すなわち、パウエルFRBが現行の「2%インフレ目標」を固持して、パウエルFRBが従来通りに「今年2018年に年3~4回、来年2019年に年2~3回の政策金利の引き上げ」を断行して
いくとするならば、現在進行形のアメリカ株式ブームは、1年後あたりには「ブーム崩壊の危機」に瀕してしまうのです。

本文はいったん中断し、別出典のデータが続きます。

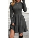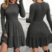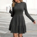 Ribbad långärmad klänning med rund halsringning och lager-på-lager-look
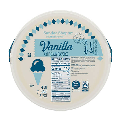 Our Sundae Shoppe Vanilla Flavored Light Ice Cream is big enough to serve many guests at your next party! It's family sized, so it's also big enough to keep everyone in the house satisfied with a delicious vanilla ice cream dessert. At 128 fl oz, or one gallon, this ice cream bucket has no artificial flavors and no high fructose corn syrup. Be sure to keep it frozen so you can serve a scoop of vanilla ice cream with your next slice of cake or piece of pie!

現行の「2%インフレ目標」を固持したままだと、「アメリカ株式ブームは持って1年くらい」となることでしょう。

「物価水準目標」の採用で米景気は上向く

皆さまご存知のように、ブームが弾ければ、アメリカの実体経済はリセッション入りしてしまいます。そんな「ナンセンス」なこと(=実体経済が良好なのに、リセッション入りしてしまうこと)を回避しようとするのが「物価水準目標」なのです。

しかも、この「物価水準目標」を採用すれば、「長い目で見れば、5~6年後のアメリカの政策金利を再び5%台へと引き上げられる」かもしれないのです。パウエルFRBは「バランスシート縮小」計画も放棄する必要もなくなるかもしれません。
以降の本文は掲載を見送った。